#### Problem requirements:
Produce word for word the lines of the data below running from the one that has "Les Cluques Vin rouge 75cl" to the one that has "солнца и любви.", inclusive, and no others.

Entries taken from a collection:
-*-

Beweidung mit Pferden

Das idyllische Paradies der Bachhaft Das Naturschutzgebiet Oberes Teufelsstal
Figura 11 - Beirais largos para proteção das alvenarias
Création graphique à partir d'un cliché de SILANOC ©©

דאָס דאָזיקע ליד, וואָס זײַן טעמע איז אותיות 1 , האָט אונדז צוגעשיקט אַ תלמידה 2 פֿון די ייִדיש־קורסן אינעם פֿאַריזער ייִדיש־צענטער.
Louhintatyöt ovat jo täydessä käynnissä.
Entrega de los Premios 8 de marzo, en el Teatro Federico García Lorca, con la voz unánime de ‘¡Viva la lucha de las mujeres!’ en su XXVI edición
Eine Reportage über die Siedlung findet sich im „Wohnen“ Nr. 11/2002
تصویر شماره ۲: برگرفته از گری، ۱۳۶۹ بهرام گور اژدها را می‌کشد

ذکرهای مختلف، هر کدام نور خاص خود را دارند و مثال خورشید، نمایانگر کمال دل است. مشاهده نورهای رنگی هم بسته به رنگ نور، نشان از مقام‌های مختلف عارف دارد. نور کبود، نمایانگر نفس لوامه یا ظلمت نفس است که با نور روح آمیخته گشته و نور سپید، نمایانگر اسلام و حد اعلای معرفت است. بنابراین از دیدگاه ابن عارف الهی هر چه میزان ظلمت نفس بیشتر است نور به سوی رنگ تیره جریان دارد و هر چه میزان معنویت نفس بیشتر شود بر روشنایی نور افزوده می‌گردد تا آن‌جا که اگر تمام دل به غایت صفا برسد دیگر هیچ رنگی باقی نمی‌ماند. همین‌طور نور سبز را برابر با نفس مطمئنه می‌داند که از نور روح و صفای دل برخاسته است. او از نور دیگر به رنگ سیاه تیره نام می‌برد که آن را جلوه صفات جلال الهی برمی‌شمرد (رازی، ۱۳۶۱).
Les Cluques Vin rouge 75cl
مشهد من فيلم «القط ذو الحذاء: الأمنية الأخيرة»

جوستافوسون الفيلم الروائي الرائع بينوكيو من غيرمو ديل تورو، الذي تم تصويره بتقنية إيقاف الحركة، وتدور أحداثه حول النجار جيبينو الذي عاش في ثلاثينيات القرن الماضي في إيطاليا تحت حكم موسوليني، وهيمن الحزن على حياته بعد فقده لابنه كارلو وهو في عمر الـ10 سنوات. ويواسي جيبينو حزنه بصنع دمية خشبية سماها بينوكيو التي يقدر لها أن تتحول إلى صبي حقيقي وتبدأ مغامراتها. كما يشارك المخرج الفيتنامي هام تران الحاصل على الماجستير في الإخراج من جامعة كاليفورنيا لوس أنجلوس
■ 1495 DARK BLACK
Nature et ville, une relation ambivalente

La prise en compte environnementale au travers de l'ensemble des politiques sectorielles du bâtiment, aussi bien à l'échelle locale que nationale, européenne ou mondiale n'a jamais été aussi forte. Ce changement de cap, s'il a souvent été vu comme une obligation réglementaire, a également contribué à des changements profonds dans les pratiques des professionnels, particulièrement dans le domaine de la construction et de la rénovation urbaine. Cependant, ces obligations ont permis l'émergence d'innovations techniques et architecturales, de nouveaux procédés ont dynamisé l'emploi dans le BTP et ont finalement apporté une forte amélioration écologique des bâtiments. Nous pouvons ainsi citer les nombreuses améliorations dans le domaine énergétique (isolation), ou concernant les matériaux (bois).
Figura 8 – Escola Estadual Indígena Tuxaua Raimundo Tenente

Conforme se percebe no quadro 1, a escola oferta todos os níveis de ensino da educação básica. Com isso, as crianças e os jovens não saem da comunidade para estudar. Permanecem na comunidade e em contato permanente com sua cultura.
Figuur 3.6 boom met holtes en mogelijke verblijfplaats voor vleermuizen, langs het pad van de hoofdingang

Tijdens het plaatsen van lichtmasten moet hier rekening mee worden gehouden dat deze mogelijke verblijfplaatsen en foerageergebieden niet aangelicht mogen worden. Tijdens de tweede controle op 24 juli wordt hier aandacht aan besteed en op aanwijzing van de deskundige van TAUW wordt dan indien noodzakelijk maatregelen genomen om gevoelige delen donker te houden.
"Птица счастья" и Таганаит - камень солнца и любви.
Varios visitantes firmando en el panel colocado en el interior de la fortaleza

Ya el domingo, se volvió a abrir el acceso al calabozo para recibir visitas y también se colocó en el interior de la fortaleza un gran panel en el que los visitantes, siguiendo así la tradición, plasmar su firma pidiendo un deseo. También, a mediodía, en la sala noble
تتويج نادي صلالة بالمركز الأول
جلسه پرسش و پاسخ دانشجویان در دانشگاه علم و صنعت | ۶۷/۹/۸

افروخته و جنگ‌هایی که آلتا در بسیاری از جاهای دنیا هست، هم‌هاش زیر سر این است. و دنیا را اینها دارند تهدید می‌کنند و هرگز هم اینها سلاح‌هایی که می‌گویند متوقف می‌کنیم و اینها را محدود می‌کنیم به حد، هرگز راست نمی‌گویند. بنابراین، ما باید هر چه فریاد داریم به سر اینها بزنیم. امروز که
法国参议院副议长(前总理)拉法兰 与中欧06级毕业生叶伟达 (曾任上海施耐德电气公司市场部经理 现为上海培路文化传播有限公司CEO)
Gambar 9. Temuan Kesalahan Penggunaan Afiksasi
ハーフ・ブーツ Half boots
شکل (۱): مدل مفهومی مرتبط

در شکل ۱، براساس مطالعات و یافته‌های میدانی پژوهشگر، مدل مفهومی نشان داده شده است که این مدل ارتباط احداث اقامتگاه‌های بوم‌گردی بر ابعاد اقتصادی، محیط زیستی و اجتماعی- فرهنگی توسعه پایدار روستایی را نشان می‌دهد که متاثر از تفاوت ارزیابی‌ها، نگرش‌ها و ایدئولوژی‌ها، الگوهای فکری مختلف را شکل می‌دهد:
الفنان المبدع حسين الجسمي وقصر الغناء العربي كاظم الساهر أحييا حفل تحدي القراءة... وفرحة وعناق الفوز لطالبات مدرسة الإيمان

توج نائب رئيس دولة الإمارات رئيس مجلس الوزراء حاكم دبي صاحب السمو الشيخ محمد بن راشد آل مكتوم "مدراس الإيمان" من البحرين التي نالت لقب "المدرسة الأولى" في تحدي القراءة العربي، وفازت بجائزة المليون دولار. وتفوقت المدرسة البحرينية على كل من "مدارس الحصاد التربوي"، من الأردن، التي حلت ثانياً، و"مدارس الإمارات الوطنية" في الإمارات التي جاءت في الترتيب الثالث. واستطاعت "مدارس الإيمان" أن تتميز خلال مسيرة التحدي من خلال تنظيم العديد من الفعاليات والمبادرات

-*-

#### Response box:
Les Cluques Vin rouge 75cl
مشهد من فيلم «القط ذو الحذاء: الأمنية الأخيرة»

جوستافوسون الفيلم الروائي الرائع بينوكيو من غيرمو ديل تورو، الذي تم تصويره بتقنية إيقاف الحركة، وتدور أحداثه حول النجار جيبينو الذي عاش في ثلاثينيات القرن الماضي في إيطاليا تحت حكم موسوليني، وهيمن الحزن على حياته بعد فقده لابنه كارلو وهو في عمر الـ10 سنوات. ويواسي جيبينو حزنه بصنع دمية خشبية سماها بينوكيو التي يقدر لها أن تتحول إلى صبي حقيقي وتبدأ مغامراتها. كما يشارك المخرج الفيتنامي هام تران الحاصل على الماجستير في الإخراج من جامعة كاليفورنيا لوس أنجلوس
■ 1495 DARK BLACK
Nature et ville, une relation ambivalente

La prise en compte environnementale au travers de l'ensemble des politiques sectorielles du bâtiment, aussi bien à l'échelle locale que nationale, européenne ou mondiale n'a jamais été aussi forte. Ce changement de cap, s'il a souvent été vu comme une obligation réglementaire, a également contribué à des changements profonds dans les pratiques des professionnels, particulièrement dans le domaine de la construction et de la rénovation urbaine. Cependant, ces obligations ont permis l'émergence d'innovations techniques et architecturales, de nouveaux procédés ont dynamisé l'emploi dans le BTP et ont finalement apporté une forte amélioration écologique des bâtiments. Nous pouvons ainsi citer les nombreuses améliorations dans le domaine énergétique (isolation), ou concernant les matériaux (bois).
Figura 8 – Escola Estadual Indígena Tuxaua Raimundo Tenente

Conforme se percebe no quadro 1, a escola oferta todos os níveis de ensino da educação básica. Com isso, as crianças e os jovens não saem da comunidade para estudar. Permanecem na comunidade e em contato permanente com sua cultura.
Figuur 3.6 boom met holtes en mogelijke verblijfplaats voor vleermuizen, langs het pad van de hoofdingang

Tijdens het plaatsen van lichtmasten moet hier rekening mee worden gehouden dat deze mogelijke verblijfplaatsen en foerageergebieden niet aangelicht mogen worden. Tijdens de tweede controle op 24 juli wordt hier aandacht aan besteed en op aanwijzing van de deskundige van TAUW wordt dan indien noodzakelijk maatregelen genomen om gevoelige delen donker te houden.
"Птица счастья" и Таганаит - камень солнца и любви.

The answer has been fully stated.